Work request | If you see a picture in the data below, omit it and copy the rest exactly.

Data section |
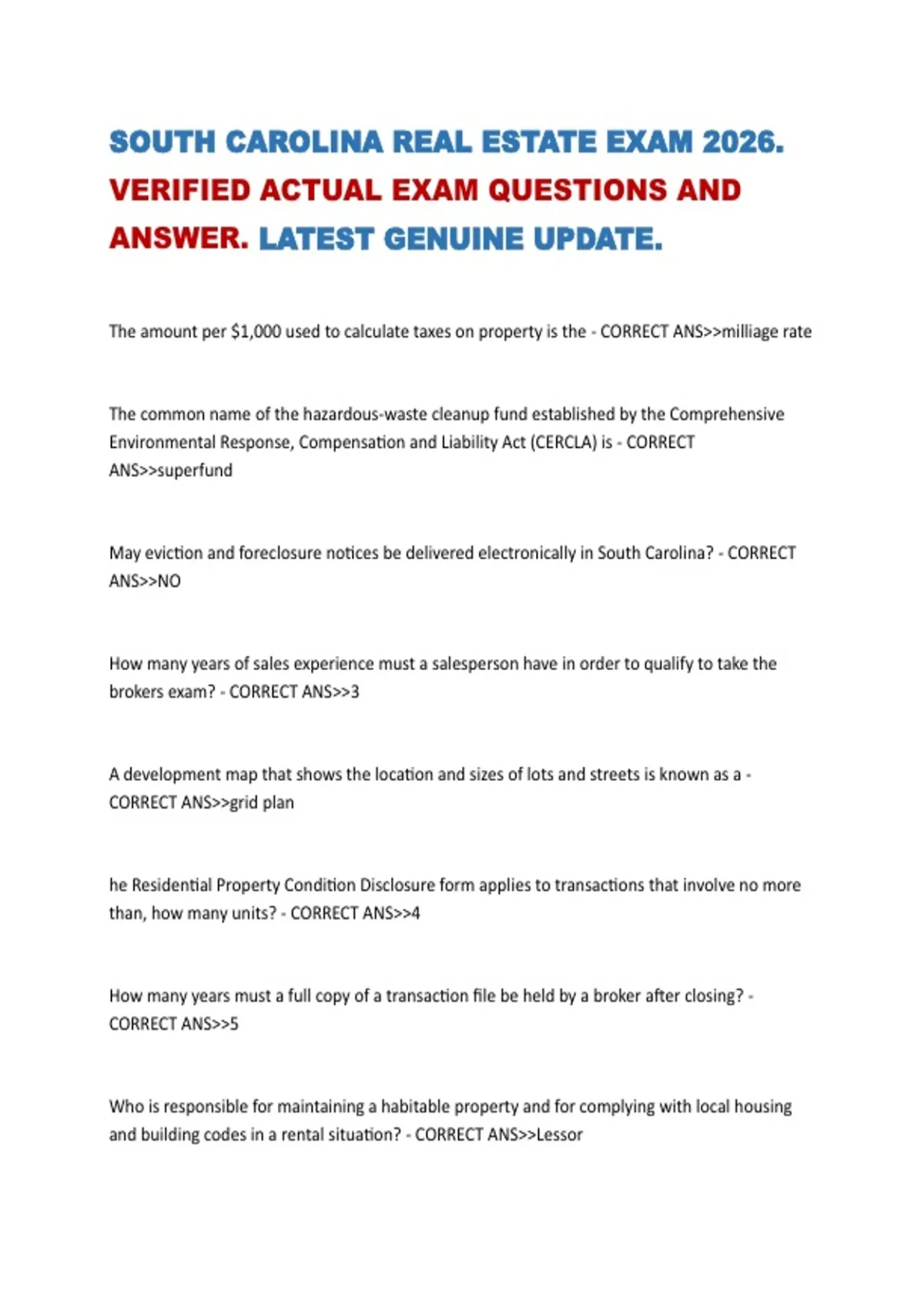 VERIFIED ACTUAL EXAM QUESTIONS AND
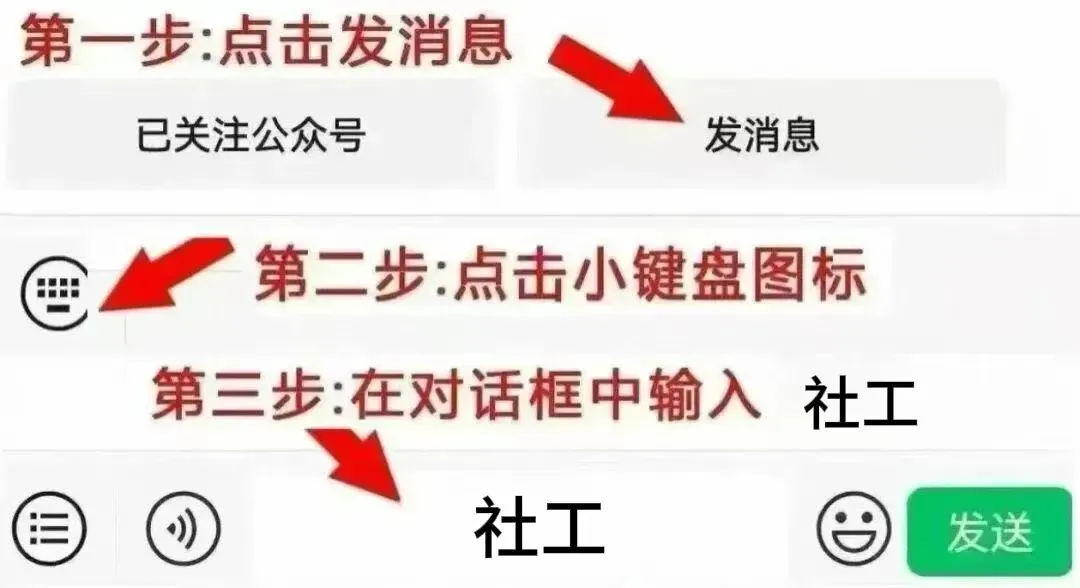 第二步:点击手机界面键盘然后输入“社工”两字,点击发送就可以获取想要的公告等岗位信息
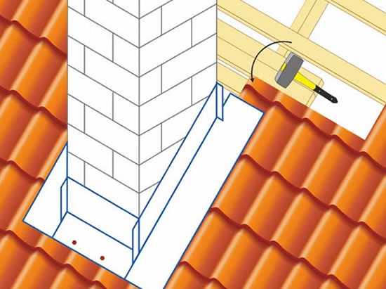 Вокруг труб необходимо установить дополнительные доски обрешетки, таким образом, чтобы покрытие было сплошным. На расстоянии 15 см от верхней поверхности трубы необходимо обрезать примыкающую к трубе металлочерепицу. Рез располагается на 8 см выше линии штамповки.
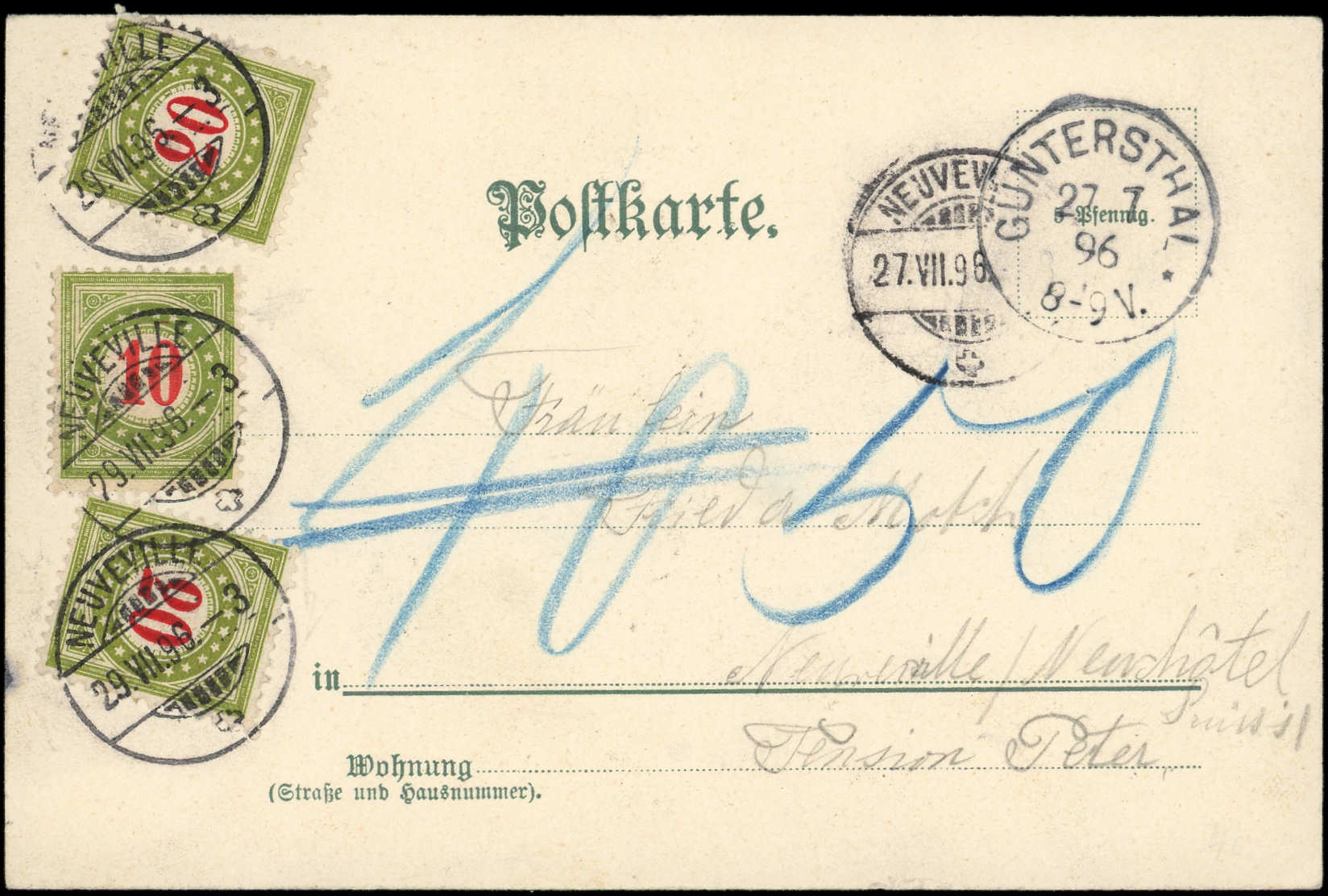 10c. et 20c. (2) obl. NEUVEVILLE 29/7/96 s. CP de GUNTERSTHAL ALLEMAGNE non affranchie, TB (Image)

Response to the exercise |
 VERIFIED ACTUAL EXAM QUESTIONS AND
 第二步:点击手机界面键盘然后输入“社工”两字,点击发送就可以获取想要的公告等岗位信息
 Вокруг труб необходимо установить дополнительные доски обрешетки, таким образом, чтобы покрытие было сплошным. На расстоянии 15 см от верхней поверхности трубы необходимо обрезать примыкающую к трубе металлочерепицу. Рез располагается на 8 см выше линии штамповки.
 10c. et 20c. (2) obl. NEUVEVILLE 29/7/96 s. CP de GUNTERSTHAL ALLEMAGNE non affranchie, TB (Image)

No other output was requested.